The answer must be only the lines below from the one holding "강 의원은 부산복지개발원의" down to the one holding "Βλέπουμε ένα καΐκι", ends included, printed exactly; please omit all pictures.

** Opening Material supplied block **

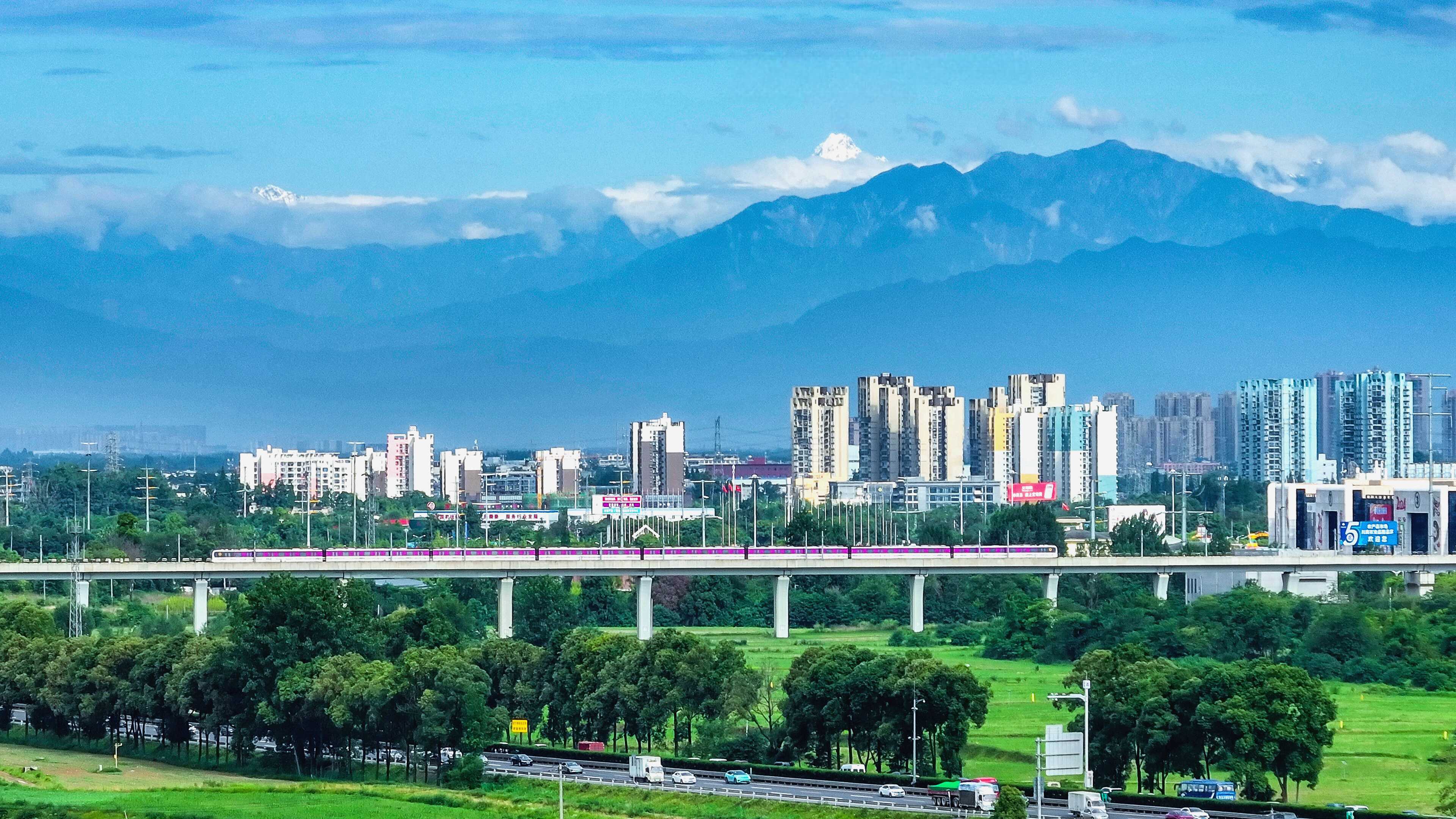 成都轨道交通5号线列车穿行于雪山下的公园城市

** Closing Material supplied block **
** Opening Material supplied block **

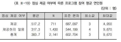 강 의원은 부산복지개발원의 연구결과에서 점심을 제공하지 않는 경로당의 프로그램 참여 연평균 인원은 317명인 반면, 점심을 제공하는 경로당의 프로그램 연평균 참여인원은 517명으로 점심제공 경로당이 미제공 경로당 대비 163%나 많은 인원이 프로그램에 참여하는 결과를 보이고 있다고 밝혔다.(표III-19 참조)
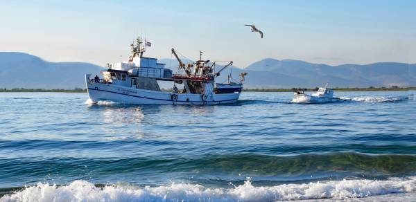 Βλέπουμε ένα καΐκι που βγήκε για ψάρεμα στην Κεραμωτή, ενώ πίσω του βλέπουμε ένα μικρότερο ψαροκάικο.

** Closing Material supplied block **

### Solution for this exercise
 강 의원은 부산복지개발원의 연구결과에서 점심을 제공하지 않는 경로당의 프로그램 참여 연평균 인원은 317명인 반면, 점심을 제공하는 경로당의 프로그램 연평균 참여인원은 517명으로 점심제공 경로당이 미제공 경로당 대비 163%나 많은 인원이 프로그램에 참여하는 결과를 보이고 있다고 밝혔다.(표III-19 참조)
 Βλέπουμε ένα καΐκι που βγήκε για ψάρεμα στην Κεραμωτή, ενώ πίσω του βλέπουμε ένα μικρότερο ψαροκάικο.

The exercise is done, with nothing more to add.